Все начиналось с сервировки: ключник лично расстилал скатерть и ставил на нее разные солонки с хреновницами. Царская пища на этот стол шла долго: повар под строгим надзором пробовал ее, прежде чем отправить на специальный «кормовой поставец», где дворецкий сосредотачивал все подносы с царской едой, тоже понемногу пробуя от каждого. Ключники, которые несли блюда от кухни до дворца, также были обязаны при свидетелях попробовать еду с подносов, которые они доставили. Блюд на хорошем обеде бывало, кстати, несколько десятков, и большую часть их правитель раздавал своим приближенным в качестве особой милости. Так что определить кушанье, которое он отведает сам, было невозможно. После того как дворецкий снимал пробу, подносы оказывались у стольников, которые тоже пробовали еду и вместе со всеми более ранними дегустаторами некоторое время ожидали, когда подействует яд, если таковой был в яствах. После этого кушанья принимал слуга-кравчий, охранитель стола. Он тоже пробовал еду, уже на глазах у хозяина (тот показывал, откуда именно пробовать), и подавал ее. Судя по отзывам, после всех дегустаций что-то оставалось и самому правителю. Алкогольные и безалкогольные напитки гоже в обязательном порядке отхлебывали все, кто к ним прикасался. Остальное выпивал хозяин стола.

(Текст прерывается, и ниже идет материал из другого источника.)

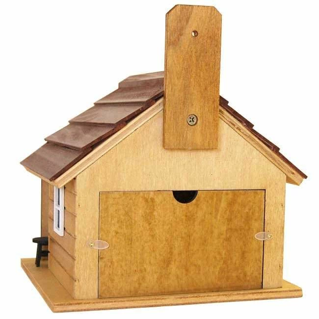 Add a touch of rugged, masculine style to your bird garden with this Home Bazaar Man Cave Bird House. This ornate, wooden roost perfectly mimics a cabin, complete with miniature elements commonly associated with a man cave. A classic, rectangular shape and pitched roof form a recognizable shelter, while the brown tones of each celebrate wood. A miniature bench and stools rest on the porch, along with a planter, lantern, and even a faux rug. The black and green tones of the furniture contrast the brown shelter, and white trim on the door and window shapes further the effect. A 1.25″ diameter entry hole rests beneath the roof ridge, perfect for small songbirds to enter and use the piece. The unpainted interior offers your feathered friends plenty of roosting area, and a drainage hole on the base allows any captured water to exit. The overhang of the roof covers the ventilation gaps on each side, which help prevent nestlings from overheating. Remove the back panel from the home for nest checks and periodic maintenance, and showcase it on a tree or wall using its mounting tab. For a charming, interior decoration, place the unit on a level surface. Its brown color scheme enhances your landscaping, and the wooden construction is fantastic for birds. Create a rustic and rugged look in your bird garden by adding this Man Cave Bird House to it.Â

Дворцовые повара славились умениями, но долго не жили: первая же ошибка чаще всего становилась последней — как у сапера. У лиц, не принадлежавших к правящей династии, с этим было попроще, и здесь поварами обменивались, их продавали и покупали, за рецептами их блюд охотились. Автор переиздаваемых сегодня книг о старинной жизни М. Пыляев отмечает, что граф Нессельроде, министр иностранных дел при Николае I, а затем имперский канцлер, завел искуснейшего повара, француза Мону, которого за большие деньги брали напрокат в другие дома, а кроме того, «почти вся наша знать отдавала своих кухмистеров на кухню Нессельроде, платя его повару за науку баснословные деньги». Вдали от столиц нравы были попроще. Полтавский помещик П. Полюбаш, «маршал» местного дворянства, завел порядок, при котором «беда, если блюдо почему-либо не приходилось по вкусу хозяину: тогда призывался повар; рассерженный маршал вместо внушения приказывал ему тут же съедать добрую половину его неудачного произведения и затем скакать на одной ножке вокруг обеденного стола». Это и много других подобных наблюдений из времен, когда крестьян еще только хотели освободить из крепостной зависимости, но еще не загоняли в колхозы, приводит в своих подробных заметках «Из прошедшей жизни малорусского дворянства», публиковавшихся в журнале «Киевская старина», А. Лазаревский. Почти в то же время другой мемуарист, Э. Стогов, приводит иной пример. Он услышал тетушкин рассказ о том, как в трудное для семьи время их повар «содержал весь дом на свои деньги». «Повар ведь крепостной, откуда он взял столько денег?» — спросил я тетку. «Конечно, нажил от своих господ, — отвечала она смеясь и заметила: — Богатые господа живут и дают жить другим».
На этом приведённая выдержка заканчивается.